# [Exercise instructions]
Transcribe nothing except the lines below that run from the one with "Wales, the land" to the one with "Libertà e Diritti", ends included, and do not copy any picture.

# [Records for this task]
§

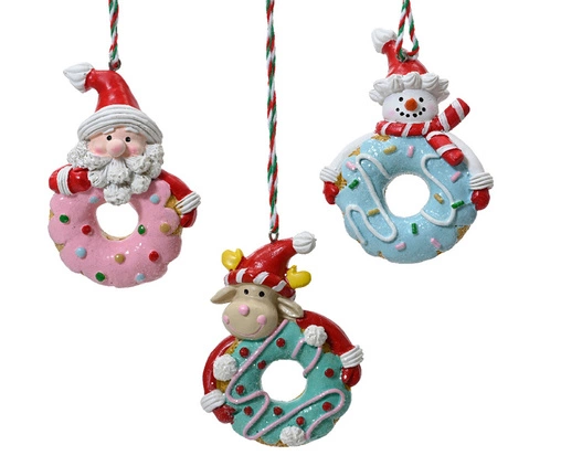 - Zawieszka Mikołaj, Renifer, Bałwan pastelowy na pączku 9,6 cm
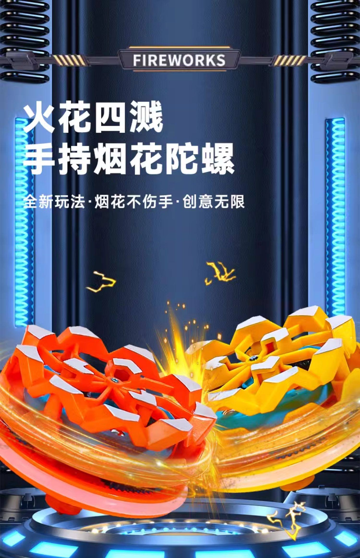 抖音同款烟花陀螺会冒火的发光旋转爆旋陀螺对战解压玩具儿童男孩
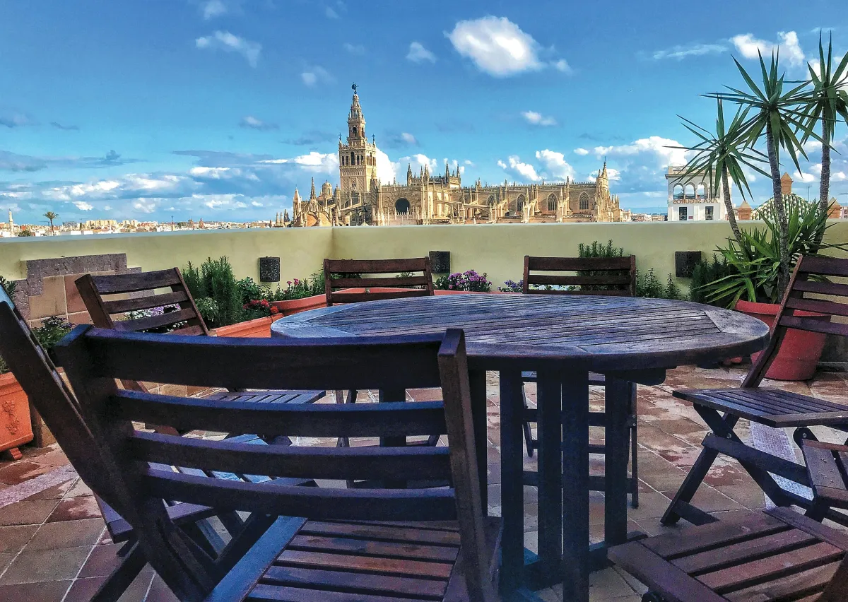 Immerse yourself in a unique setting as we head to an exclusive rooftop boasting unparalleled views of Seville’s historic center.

§

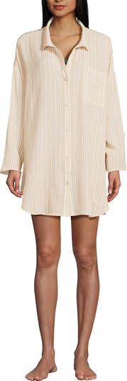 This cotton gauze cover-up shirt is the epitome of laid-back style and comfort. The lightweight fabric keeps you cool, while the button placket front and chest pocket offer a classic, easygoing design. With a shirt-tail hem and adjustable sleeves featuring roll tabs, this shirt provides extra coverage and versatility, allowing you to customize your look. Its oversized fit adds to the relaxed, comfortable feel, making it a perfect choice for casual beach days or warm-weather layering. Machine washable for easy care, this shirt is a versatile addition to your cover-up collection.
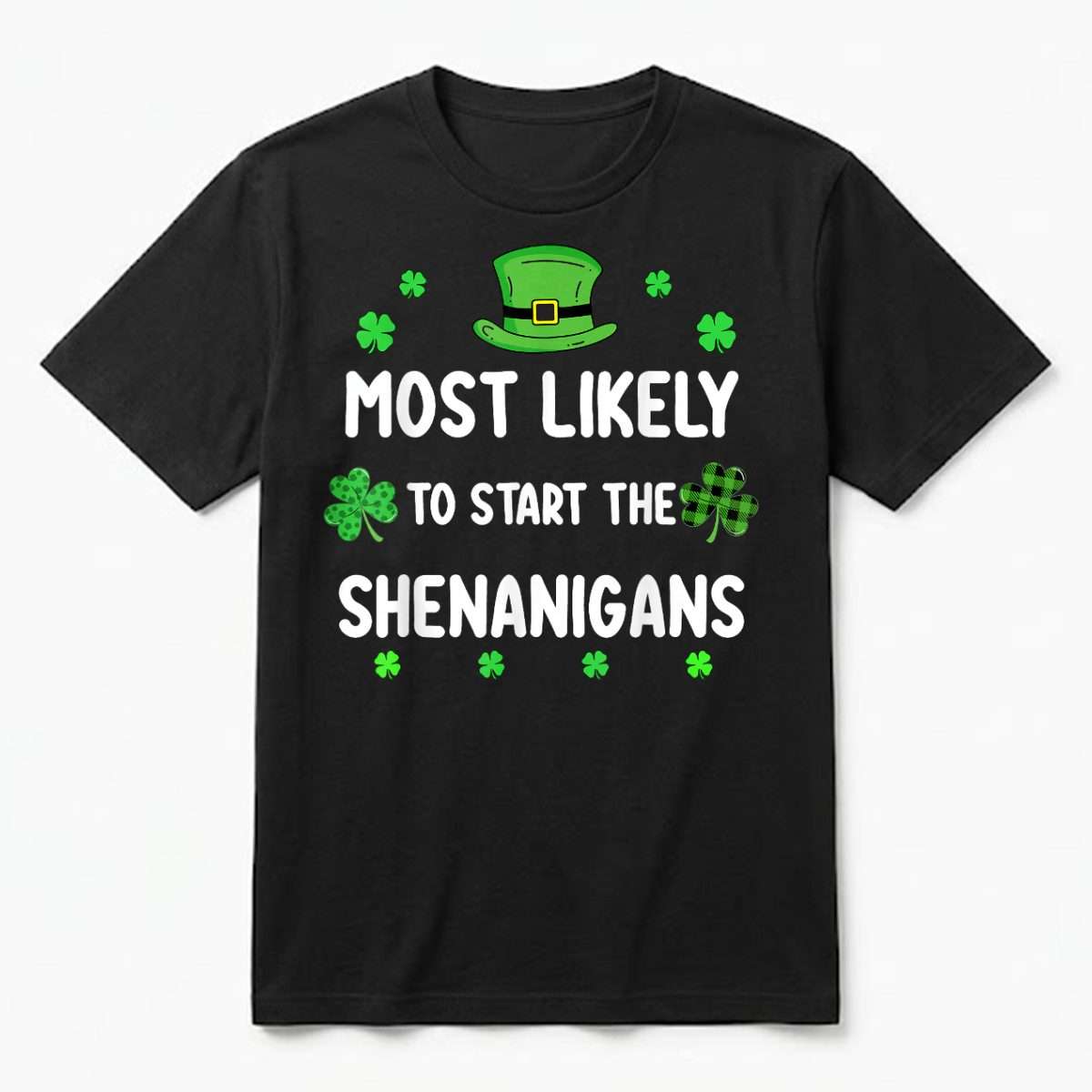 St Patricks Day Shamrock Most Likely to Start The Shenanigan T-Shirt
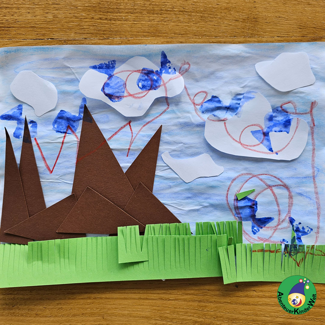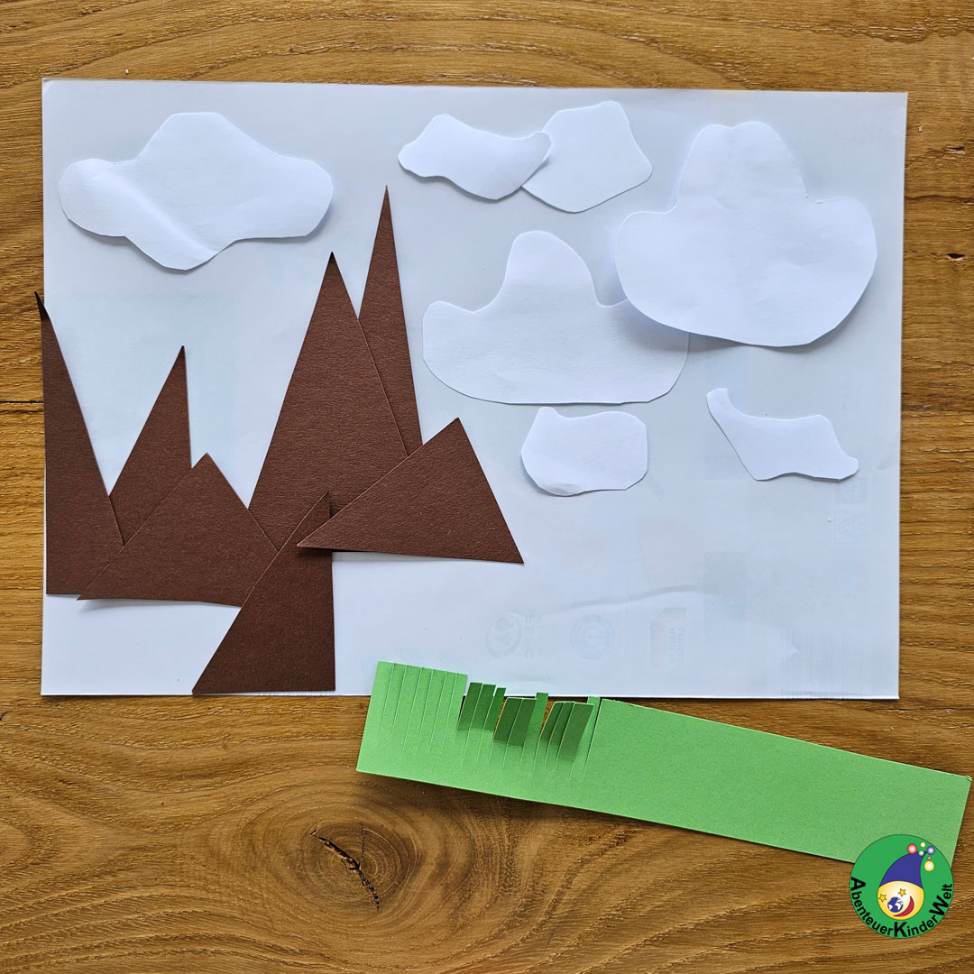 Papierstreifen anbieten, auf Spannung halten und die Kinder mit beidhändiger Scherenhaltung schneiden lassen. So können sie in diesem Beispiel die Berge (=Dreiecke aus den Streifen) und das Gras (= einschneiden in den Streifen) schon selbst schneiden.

§

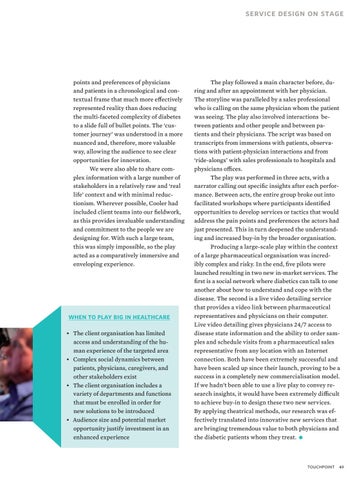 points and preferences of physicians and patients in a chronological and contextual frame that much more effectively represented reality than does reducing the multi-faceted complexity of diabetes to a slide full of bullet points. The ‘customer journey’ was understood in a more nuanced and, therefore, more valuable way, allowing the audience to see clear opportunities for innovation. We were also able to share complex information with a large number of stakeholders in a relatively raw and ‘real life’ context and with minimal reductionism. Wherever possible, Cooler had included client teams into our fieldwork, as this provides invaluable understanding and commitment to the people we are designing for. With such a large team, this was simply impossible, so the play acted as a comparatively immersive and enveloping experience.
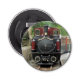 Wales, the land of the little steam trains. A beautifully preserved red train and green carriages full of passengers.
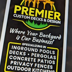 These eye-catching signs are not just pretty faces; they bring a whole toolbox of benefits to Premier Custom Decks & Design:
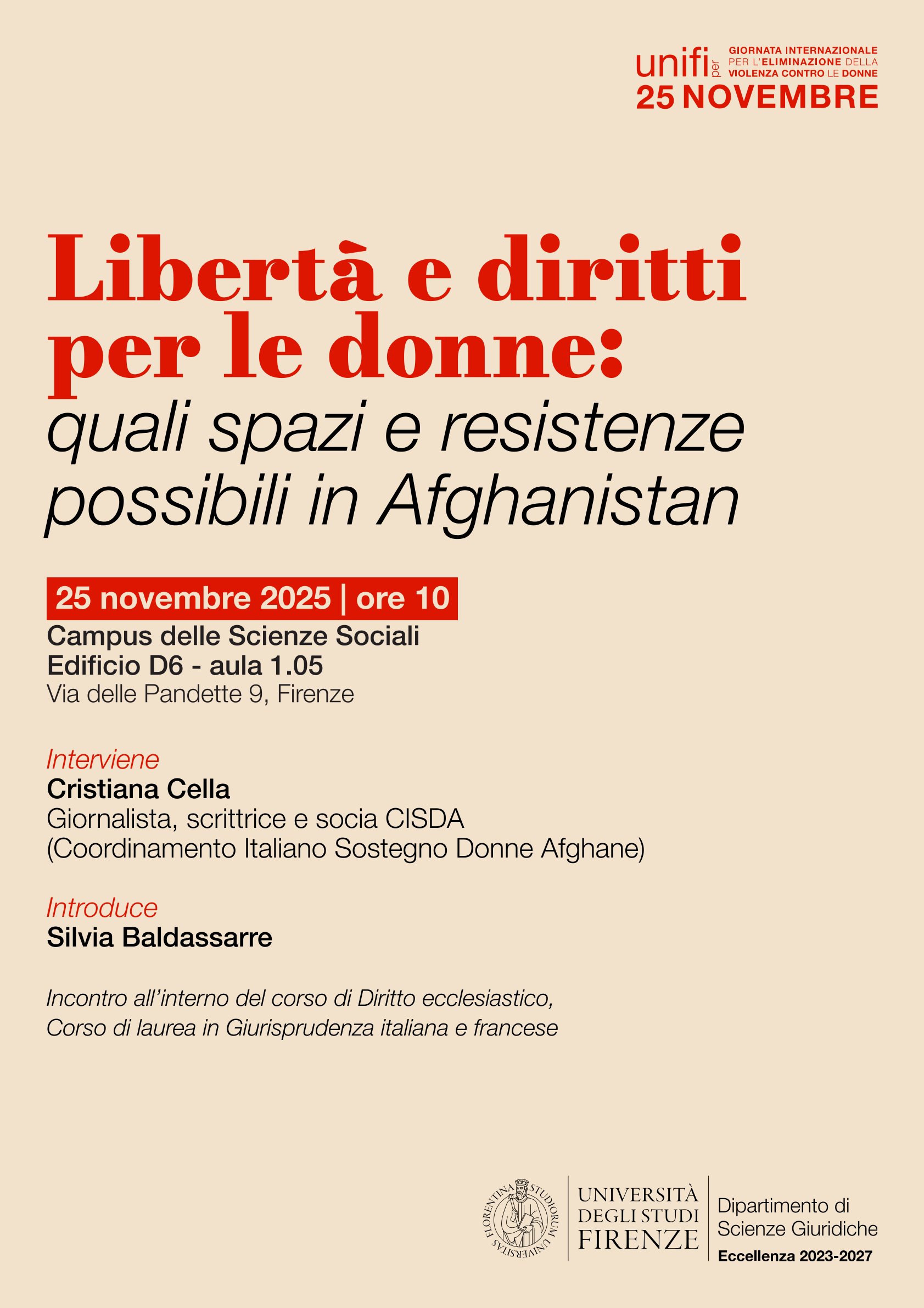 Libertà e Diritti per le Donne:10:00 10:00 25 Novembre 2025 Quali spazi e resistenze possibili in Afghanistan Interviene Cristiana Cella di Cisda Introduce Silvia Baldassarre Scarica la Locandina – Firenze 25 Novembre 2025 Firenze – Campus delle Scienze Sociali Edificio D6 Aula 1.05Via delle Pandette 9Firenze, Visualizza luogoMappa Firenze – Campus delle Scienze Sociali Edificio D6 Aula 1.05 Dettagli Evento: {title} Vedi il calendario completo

§

# [Completed task]
 Wales, the land of the little steam trains. A beautifully preserved red train and green carriages full of passengers.
 These eye-catching signs are not just pretty faces; they bring a whole toolbox of benefits to Premier Custom Decks & Design:
 Libertà e Diritti per le Donne:10:00 10:00 25 Novembre 2025 Quali spazi e resistenze possibili in Afghanistan Interviene Cristiana Cella di Cisda Introduce Silvia Baldassarre Scarica la Locandina – Firenze 25 Novembre 2025 Firenze – Campus delle Scienze Sociali Edificio D6 Aula 1.05Via delle Pandette 9Firenze, Visualizza luogoMappa Firenze – Campus delle Scienze Sociali Edificio D6 Aula 1.05 Dettagli Evento: {title} Vedi il calendario completo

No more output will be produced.